Call it Hurricane Louis.

Over the course of the last 8 years, designer handbags ceased to be the exclusive province of the wealthy: Tweens strutted up and down the aisles of American Eagle Outfitters (AEO), tightly clutching their very own Louis Vuitton handbags.

Maybe they got them for Christmas. Or their birthdays. Maybe 10 people went in on the gift, so that $1200 price tag is misleading. It's hardly the point.

So what is? The American consumer, the world's least disciplined, took a good, hard look at the increasingly conspicuous consumption of the well-to-do and decided they, too, wanted a piece of the action. Luxury goods became a mainstream pursuit.

Marketers got wise to this groundswell of entitlement. Las Vegas, once ground zero for swashbuckling motifs and Egyptian ambiance, made luxury its theme du jour. It used to be you could get a room in Sin City on the cheap; now, guests jockeyed for the AAA Five-Diamond service of Bellagio.

We've spent our way into this mess; now the government is determined to spend our way out. But why should troubled financial services companies like Goldman Sachs (GS) and Morgan Stanley (MS) have all the fun? I went to Vegas, ate at Nobu, partook of all kinds of activities I couldn't afford - I want to be rewarded for the gross mismanagement of my finances, too.

So I'm converting myself to a bank holding company.

It's a strategic move that will allow me to accept deposits, which is pretty cool (I'll have to award interest to my depositors, of course, but that will fluctuate according to how deep and how often the Federal Reserve cuts interest rates, so I should be in the clear). But, more importantly, it will make me eligible for a piece of the $700 billion bailout.

The way I see it, all I have to do is prove that I made some really irresponsible decisions, that I failed to spot trends and get out ahead of emerging technology, that I basically continued to operate like I was permanently stuck in 2004, when cheap money padded everybody's bottom line - and that I never, ever, once considered the possibility that the good times wouldn't roll in perpetuity.

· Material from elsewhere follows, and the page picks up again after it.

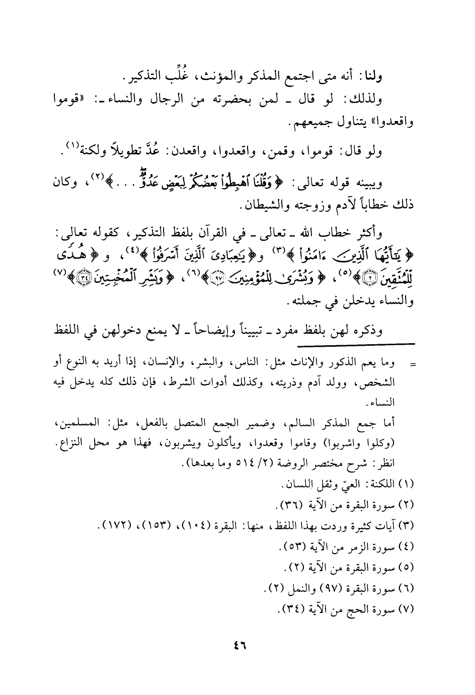 وأكثر خطاب الله -تعالى- في القرآن بلفظ التذكير، كقوله تعالى: {يَا أَيُّهَا الَّذِينَ آمَنُوا} 3 و {يَا عِبَادِيَ الَّذِينَ أَسْرَفُوا} 4، و {هُدىً لِلْمُتَّقِين} 5، {وَبُشْرَى لِلْمُؤْمِنِين} 6، {وَبَشِّرِ الْمُخْبِتِين} 7 والنساء يدخلن في جملته.

Here's a detailed ledger of the poor decision-making I plan to parlay into a healthy bailout, er, loan:
 

  • Instead of investing what little capital I had saved over the years, I bought cool Berluti boots (only $2400) for me and lots and lots of Stoli Vanilla and Cokes for girls who work in PR.

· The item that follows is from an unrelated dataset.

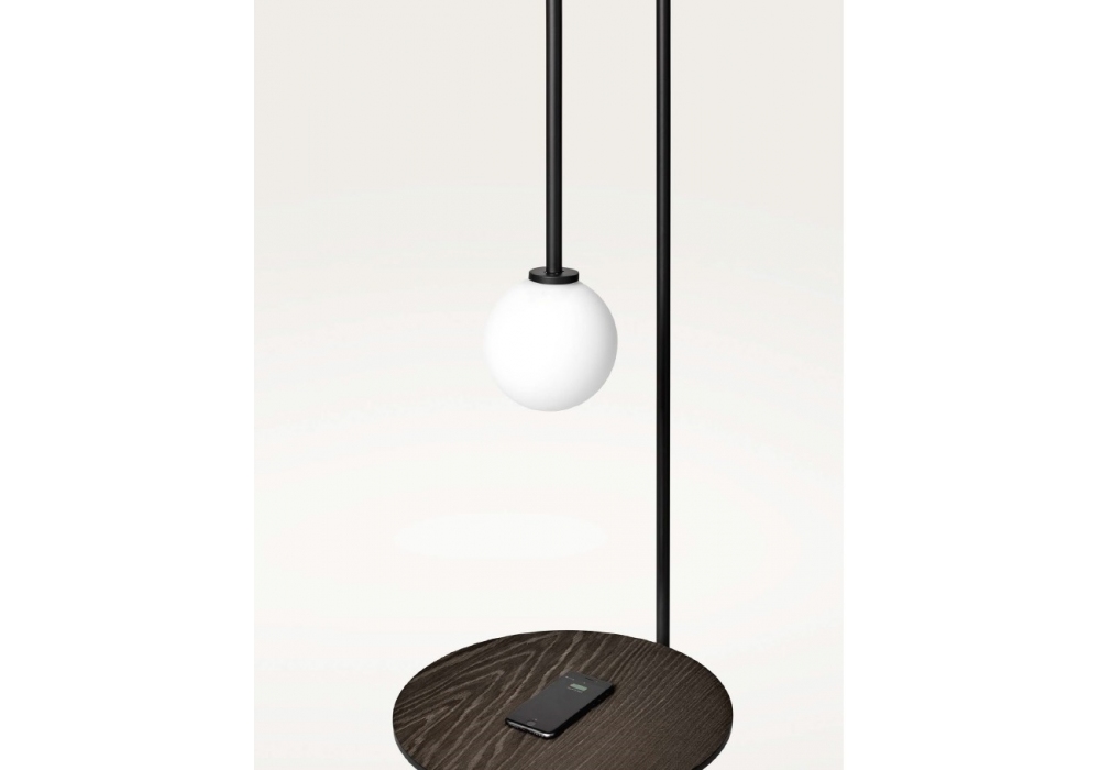 Light With a Table designed by Keiji Takeuchi for Living Divani is a floor lamp with an integrated side table. It is made with a metal base and structure on which is inserted a round table through a 180 ° jointed insert.

  • An apartment with a Sub-Zero fridge I totally can't afford. Like, not even close.

  • Five straight years of paying the minimum balance on 4 credit cards.

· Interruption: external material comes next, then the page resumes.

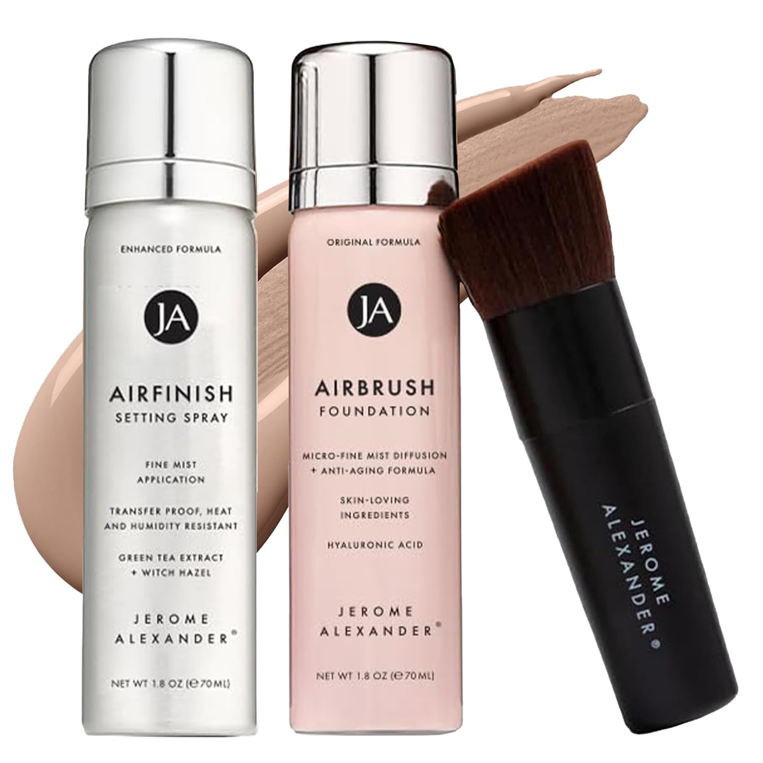 - COMPLETE AIRBRUSH SYSTEM: Achieve a flawless finish in minutes with this 5-piece set, including AirBrush Foundation Spray, LiquidSilk Air Primer, AirFinish Setting Spray, Kabuki Brush, and Slimline Kabuki Brush. Plus, enjoy the nourishing benefits of Jerome Alexander Skincare Makeup

  • When the chef who used to cook at Blue Mountain Grill, which made the best $22 mac-n-cheese with truffle oil, went out on his own and opened Upstairs Lafayette 426, I just had to go. Cost notwithstanding, it was so worth it. I totally saw the cast of Gossip Girl munching on the signature bone-marrow bruschetta.

I'm confident the Federal Reserve will recognize the "emergency conditions" at play here -- along with the "unusual and exigent circumstances" of my situation -- and process my application posthaste, as it did with American Express (AXP).

That would be the same American Express that only days ago carried a dose of snob appeal: Its renowned Black Card boasts a limitless limit that gives traders and hedge-fund managers a special tingly feeling in their privates.

GMAC, the financial arm of embattled automaker General Motors (GM), which provides automotive financing and insurance, has also applied. Its parent company thought it would be way more awesome to keep manufacturing Hummers than embrace this kind-of-gay alternative energy thing, so it more than qualifies for a handout.

Since the criteria really seem to center on who screwed up most, I'm more than a little optimistic that the Fed will fast-track my application.